+++ Input records +++

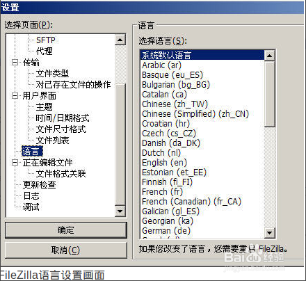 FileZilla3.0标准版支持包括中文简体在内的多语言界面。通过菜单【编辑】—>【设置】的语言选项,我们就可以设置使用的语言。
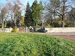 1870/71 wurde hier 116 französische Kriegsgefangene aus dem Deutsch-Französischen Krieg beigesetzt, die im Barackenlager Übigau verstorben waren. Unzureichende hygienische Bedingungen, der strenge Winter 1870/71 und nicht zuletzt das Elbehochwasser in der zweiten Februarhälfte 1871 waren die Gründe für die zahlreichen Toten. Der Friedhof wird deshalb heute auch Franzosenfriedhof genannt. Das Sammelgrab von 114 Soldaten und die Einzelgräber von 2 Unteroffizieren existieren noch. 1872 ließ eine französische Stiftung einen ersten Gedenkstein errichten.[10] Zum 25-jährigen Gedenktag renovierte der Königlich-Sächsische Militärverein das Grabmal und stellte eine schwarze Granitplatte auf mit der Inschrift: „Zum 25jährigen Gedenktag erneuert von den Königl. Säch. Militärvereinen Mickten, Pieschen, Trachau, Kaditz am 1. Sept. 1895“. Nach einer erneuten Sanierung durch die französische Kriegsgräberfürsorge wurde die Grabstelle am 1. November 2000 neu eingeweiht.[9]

+++
+++ Input records +++

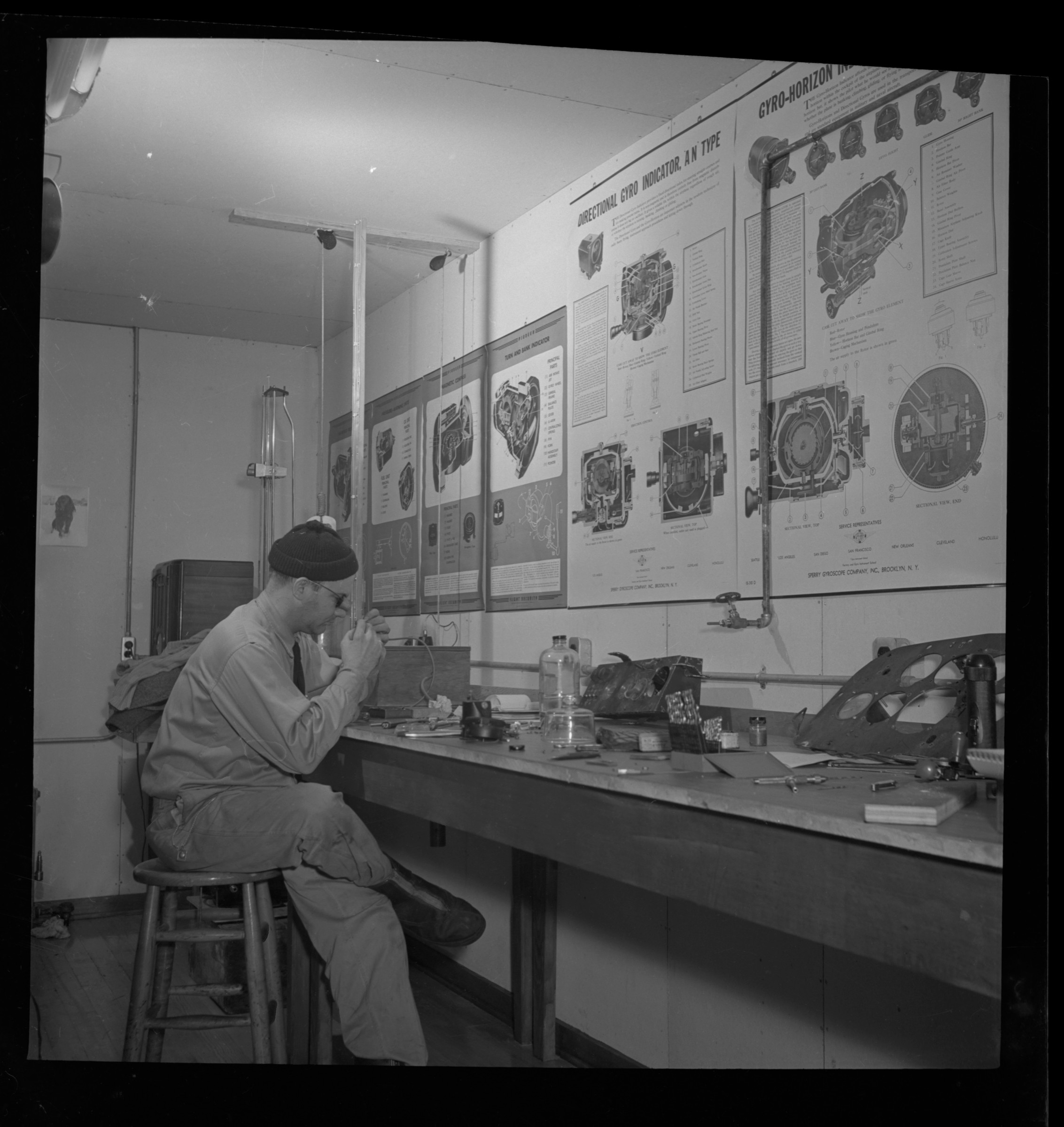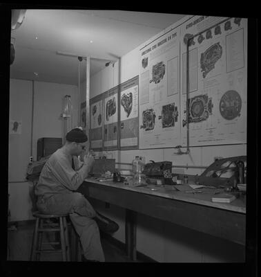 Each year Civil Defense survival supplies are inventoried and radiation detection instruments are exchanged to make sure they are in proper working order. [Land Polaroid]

+++
+++ Input records +++

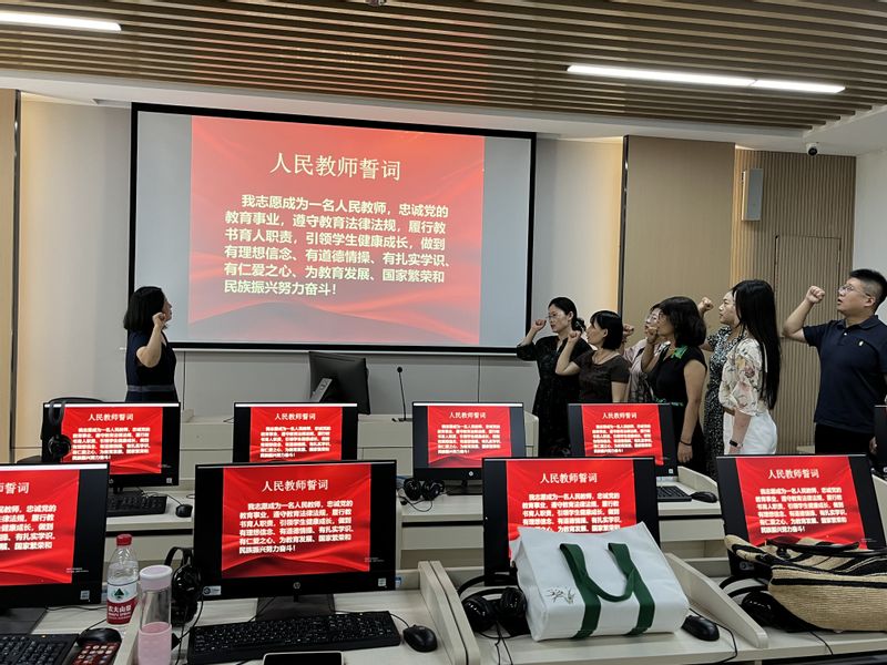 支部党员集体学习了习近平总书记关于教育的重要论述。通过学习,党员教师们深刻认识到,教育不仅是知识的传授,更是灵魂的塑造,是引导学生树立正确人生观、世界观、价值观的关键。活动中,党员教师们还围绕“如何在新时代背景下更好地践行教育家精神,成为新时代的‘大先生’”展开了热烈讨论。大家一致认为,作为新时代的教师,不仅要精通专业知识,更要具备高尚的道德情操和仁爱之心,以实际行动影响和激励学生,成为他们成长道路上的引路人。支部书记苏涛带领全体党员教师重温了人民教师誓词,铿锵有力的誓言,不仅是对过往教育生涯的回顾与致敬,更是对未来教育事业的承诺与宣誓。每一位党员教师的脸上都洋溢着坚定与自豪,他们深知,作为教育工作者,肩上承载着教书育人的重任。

+++

- Directions for this task -
From the records above, transcribe only the stretch from the line with "FileZilla3.0标准" through the line with "1870/71 wurde hier", keeping both ends. Omit pictures.

- Answer to the problem -
 FileZilla3.0标准版支持包括中文简体在内的多语言界面。通过菜单【编辑】—>【设置】的语言选项,我们就可以设置使用的语言。
 1870/71 wurde hier 116 französische Kriegsgefangene aus dem Deutsch-Französischen Krieg beigesetzt, die im Barackenlager Übigau verstorben waren. Unzureichende hygienische Bedingungen, der strenge Winter 1870/71 und nicht zuletzt das Elbehochwasser in der zweiten Februarhälfte 1871 waren die Gründe für die zahlreichen Toten. Der Friedhof wird deshalb heute auch Franzosenfriedhof genannt. Das Sammelgrab von 114 Soldaten und die Einzelgräber von 2 Unteroffizieren existieren noch. 1872 ließ eine französische Stiftung einen ersten Gedenkstein errichten.[10] Zum 25-jährigen Gedenktag renovierte der Königlich-Sächsische Militärverein das Grabmal und stellte eine schwarze Granitplatte auf mit der Inschrift: „Zum 25jährigen Gedenktag erneuert von den Königl. Säch. Militärvereinen Mickten, Pieschen, Trachau, Kaditz am 1. Sept. 1895“. Nach einer erneuten Sanierung durch die französische Kriegsgräberfürsorge wurde die Grabstelle am 1. November 2000 neu eingeweiht.[9]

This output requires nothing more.